[GIVEN DATA]:
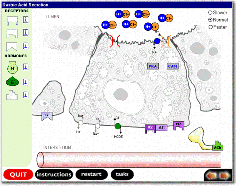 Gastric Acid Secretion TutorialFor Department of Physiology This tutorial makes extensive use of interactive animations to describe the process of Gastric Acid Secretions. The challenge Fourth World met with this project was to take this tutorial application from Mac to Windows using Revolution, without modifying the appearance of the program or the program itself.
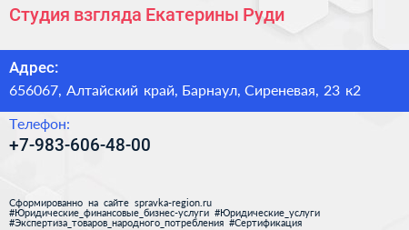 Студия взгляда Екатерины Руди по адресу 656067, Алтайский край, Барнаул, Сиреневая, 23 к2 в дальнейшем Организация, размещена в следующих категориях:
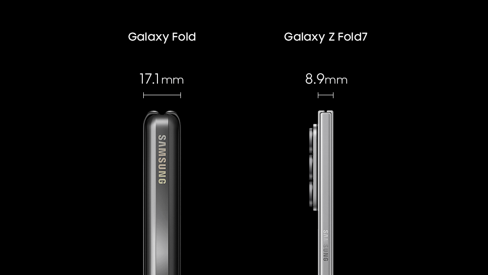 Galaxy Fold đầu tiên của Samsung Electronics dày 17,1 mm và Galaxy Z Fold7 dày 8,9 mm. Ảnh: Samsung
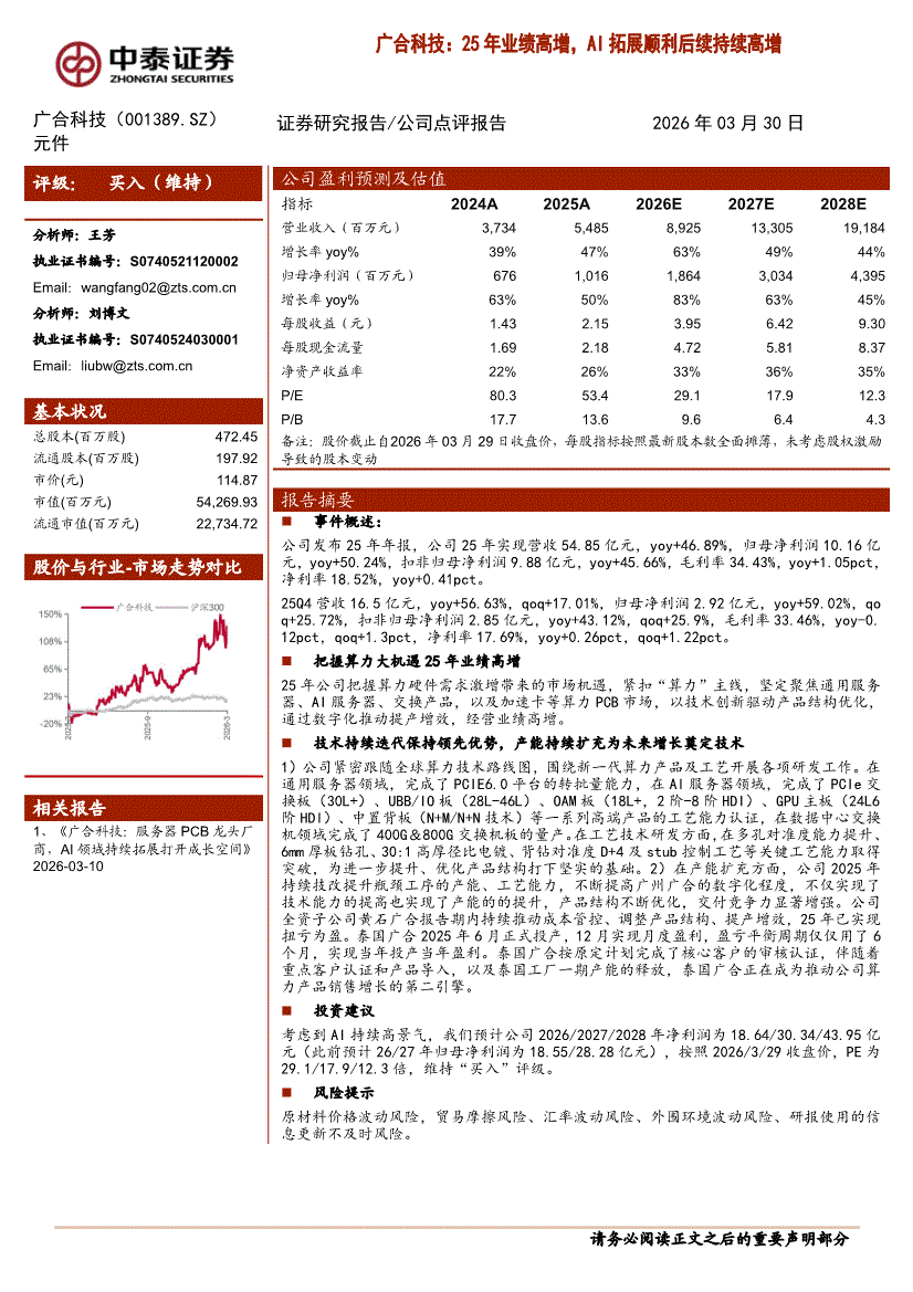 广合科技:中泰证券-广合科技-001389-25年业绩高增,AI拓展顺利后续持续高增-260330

...

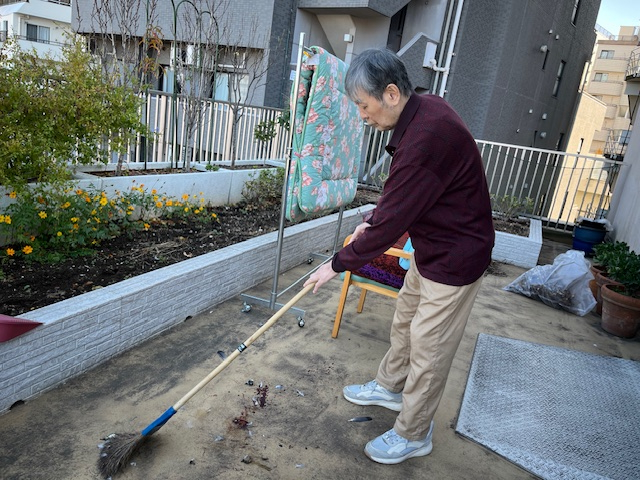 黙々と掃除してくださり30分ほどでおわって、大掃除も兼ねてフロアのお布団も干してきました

[TASK ITEM]: Everything from the line with "Galaxy Fold đầu" through the line with "广合科技:中泰证券-广合科技" in the material above should be transcribed exactly, except the pictures.

[ANSWER TO THIS TASK]:
 Galaxy Fold đầu tiên của Samsung Electronics dày 17,1 mm và Galaxy Z Fold7 dày 8,9 mm. Ảnh: Samsung
 广合科技:中泰证券-广合科技-001389-25年业绩高增,AI拓展顺利后续持续高增-260330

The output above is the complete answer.